Provided no wax is placed on these surfaces they will in effect provide a frictional
intermediate locking plane 74. Such frictional intermediate locking planes can be
incorporated in other of the above described
[0223] In one embodiment as shown in Figures 23c-23i adhesive is applied to both of the
recesses in the male joint Jm only and not in the female joint Jf. In such an embodiment,
due to the nature of the re-stickable adhesive, when a substrate 12 is removed from
adjacent adjoining substrates, the adhesive remains in the recesses 42 and 42c of
the removed substrates. Moreover, the nature of the adhesive is such that it remains
in the recess in which it is originally provided. This is depicted in Figures 23c-23i
which progressively show the disengagement of joints Jm and Jf of the joint system
10n
[0224] Figure 23c shown joints Jm and Jf prior to engagement. Recesses 42 and 42c are each
provided with respective beads B1 and B2 of re-stickable adhesive 300 covered with
release strips R1 and R2. There is no adhesive in the recesses 42b and 42d. Figure
23d shows the joints Jm and Jf fully engaged with the release strips R1 and R2 removed
so that the re-stickable adhesive 300 in beads B1 and B2 adhere to the surface of
the recesses 42b and 42d.
[0225] Figures 23e -23i show the typical disengagement process of joints Jm and Jf in embodiments
of any joints system with initially the joint Jm being rotated in a negative (clockwise)
direction relative to joint Jf to release protrusion Pm from recess Rf, and the subsequent
application of downward pressure on the female joint Jf. The re-stickable adhesive
is able to flex and move during the separation process to allow the rotation and subsequently
is pulled from the recesses 42b and 42d to remain in recesses 42 and 42c.
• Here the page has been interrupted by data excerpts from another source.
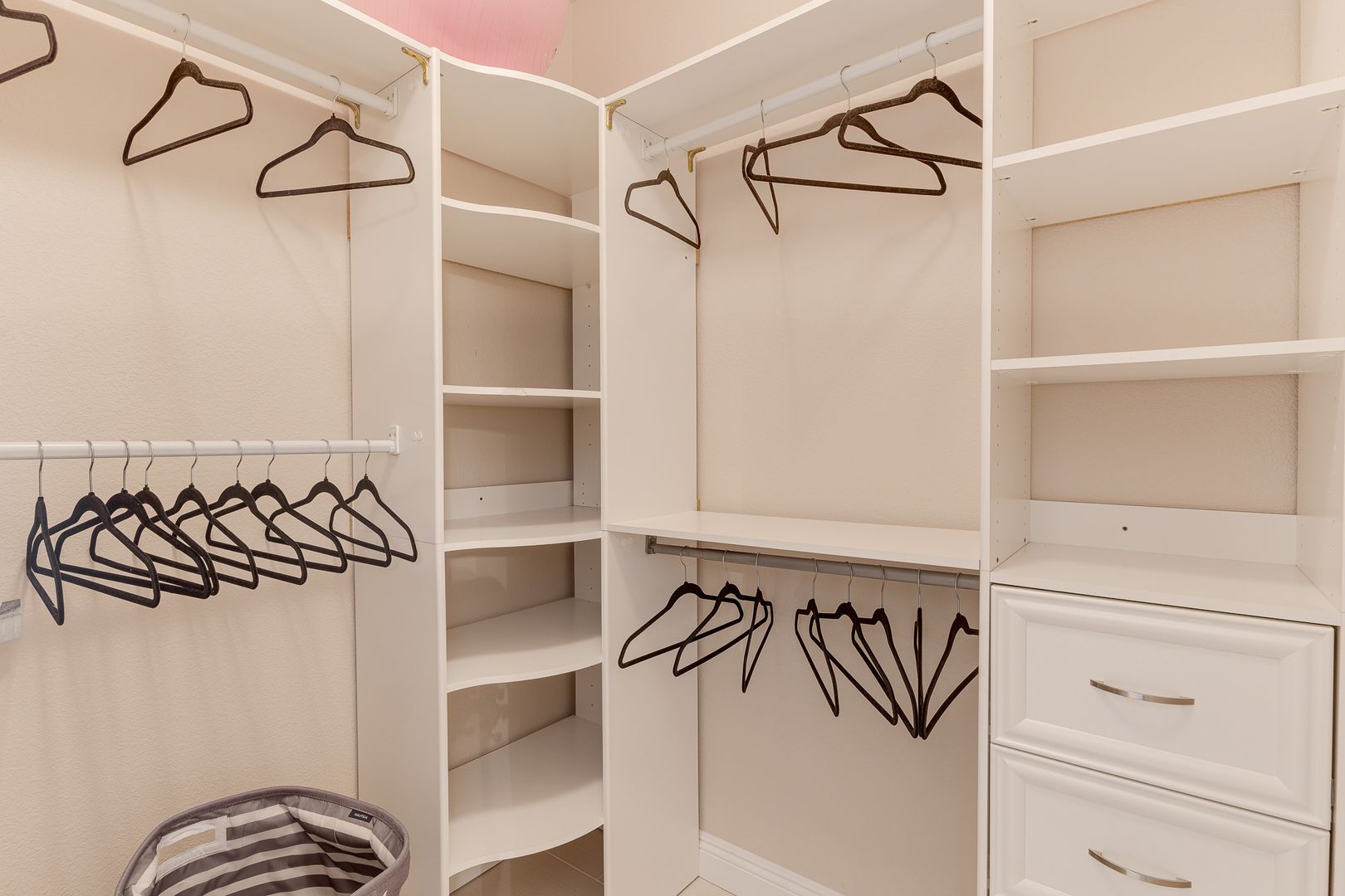 Relax in the primary suite with a walk-in closet, separate tub and shower, and a soothing jetted tub.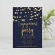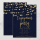 Blue Gold Rustic Wood & Lights Engagement Party Invitation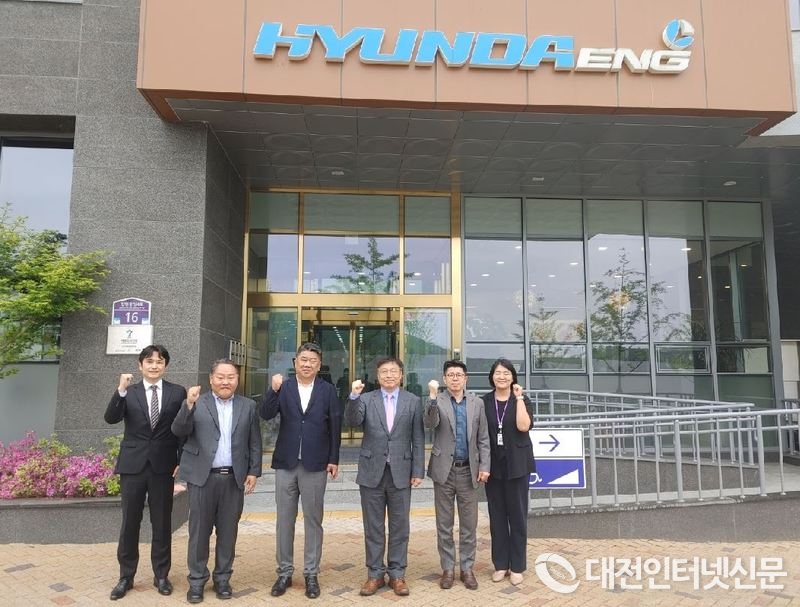 왼쪽부터 이재산 현다이엔지 부장, 이창호 부사장, 김성훈 대표이사, 이승원 경제부시장, 김종태 세종시 기업지원과장, 방지영 기업지원팀장. [사진-세종시]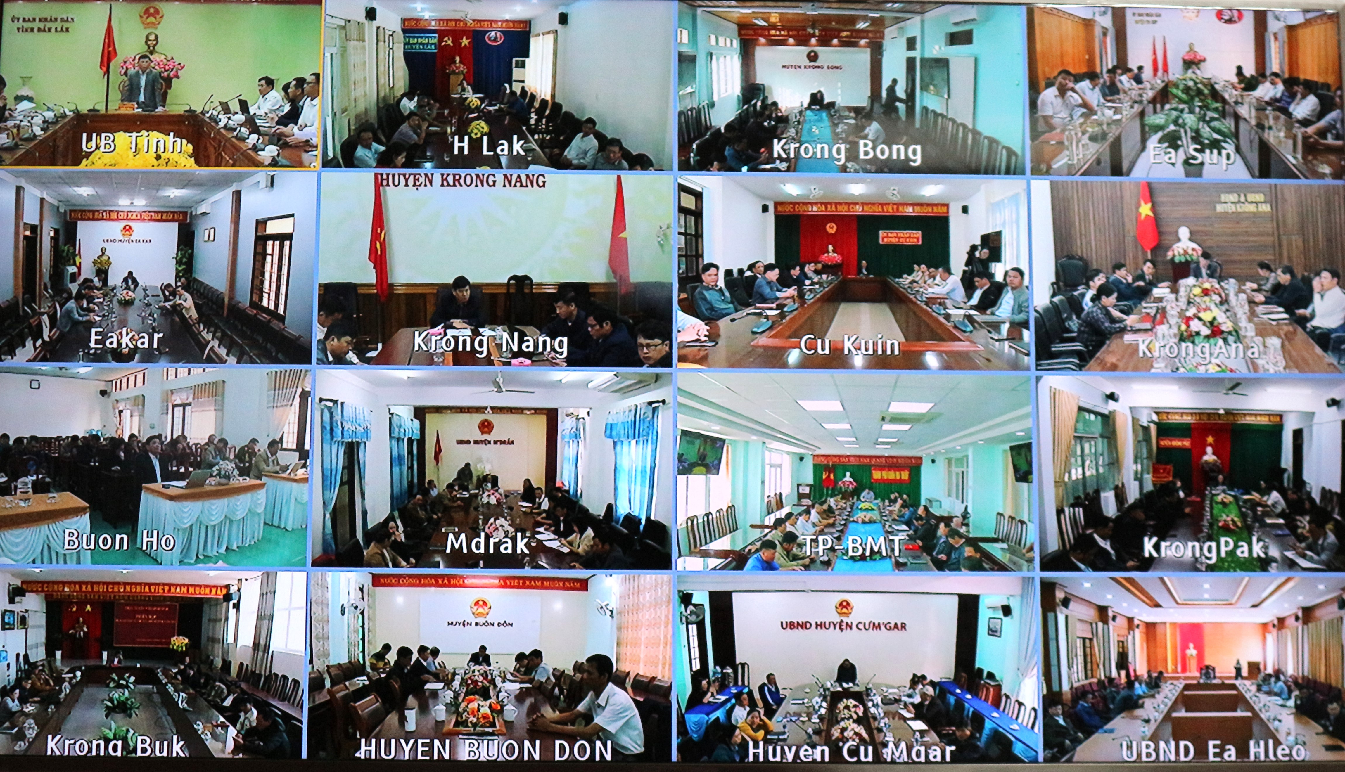 | Điểm cầu UBND các huyện, thị xã, thành phố tham gia phiên họp |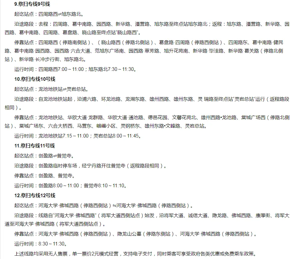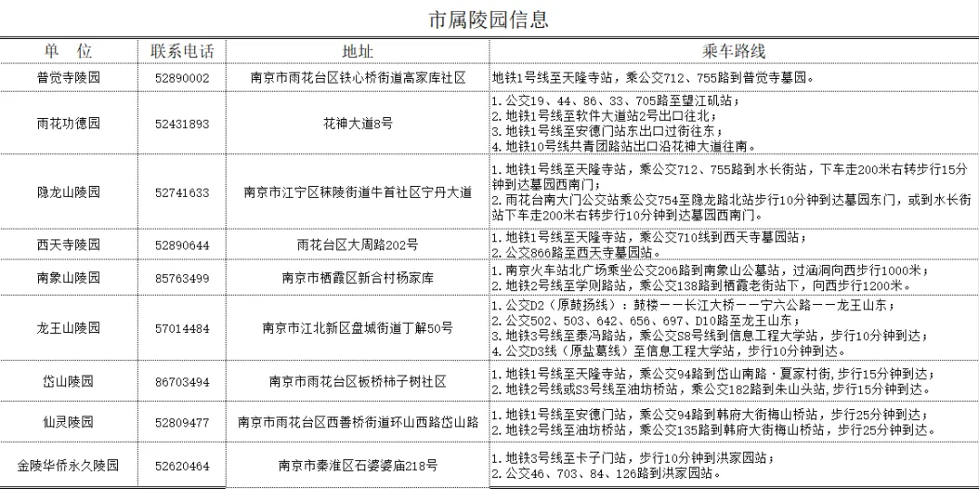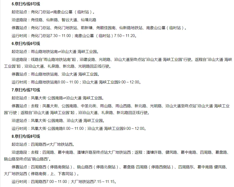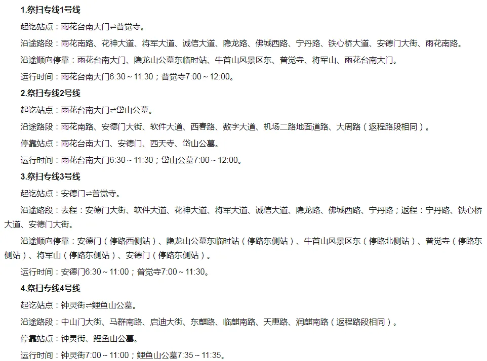 专线开通时间:南京交通部门将在3月14-15日、21-22日、28-29日及4月1-6日客流高峰日,临时开通12条公交祭扫专线。
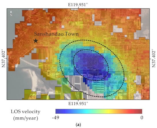 The subsidence funnel in the main mining area: (a) PSI result: ground movements away from the satellite are shown with cold colors; (b) SBAS result: ground movements away from the satellite are shown with cold colors.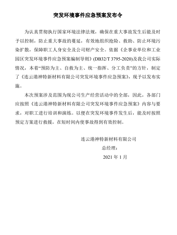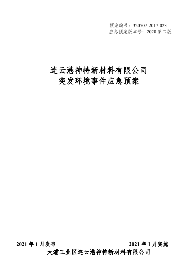 神特公司突發(fā)環(huán)境事件應急預案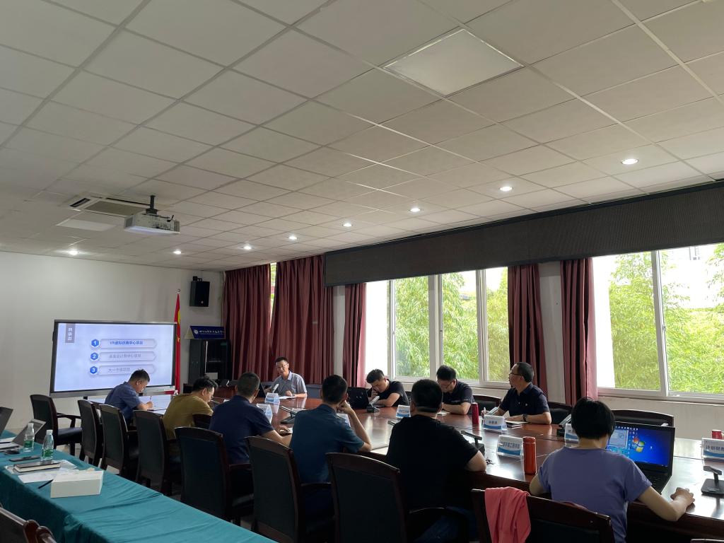 会上,刘明锦分别介绍虚拟仿真实训中心仿真环境及硬件13套配套资源,仿真中心建设,多功能模块集合的VR平台,VR资源的内容;汇报了一卡通建设16项建设内容,项目暑假建设期间与各部门分工协调工作;讲解了云计算中心桌面架构、建设价值、成效亮点。

[0226] The adhesive beads B bonded to a joint J may also act to absorb debris that lies
in a recess into which the bead B is to be adhered. For example a bead B bonded in
recess 42 can absorb debris in the recess 42b into which the bead B is adhered. The
debris will initially adhere to the outside surface of the bead B. As the panels 12
move in normal use there will also be some movement and rolling of the bead B. It
is believed that this will have the effect of drawing the debris into the adhesive
so that the adhesive envelops the debris and provides a fresh adhesive surface to
stick to the recess 42b.
[0227] One or more adhesive beads can be provided in each of the previously described embodiments
to provide added vertical and horizontal locking strength while still allowing the
full operation and benefits of the embodiments. This may be achieved for example by
the provision of one or more recesses 42 in one of the joints Jm or Jf to seat a bead
of the re- stickable adhesive. Depending on the thickness of the bead a receiving
recess may or may not be required on the other joints Jm and Jf. The provision of
the re-stickable adhesive can be seen as providing an additional locking plane to
the joint system.
[0228] Typically, as in the above example, the adhesive is laid in only one of two mutually
facing recesses 42. The bond when the adhesive is initially placed in that recess
is stronger than the bond when that adhesive contacts a surface of the opposed recess
in another substrate. Thus when a substrate is removed, the adhesive originally applied
to that substrate remains with that substrate.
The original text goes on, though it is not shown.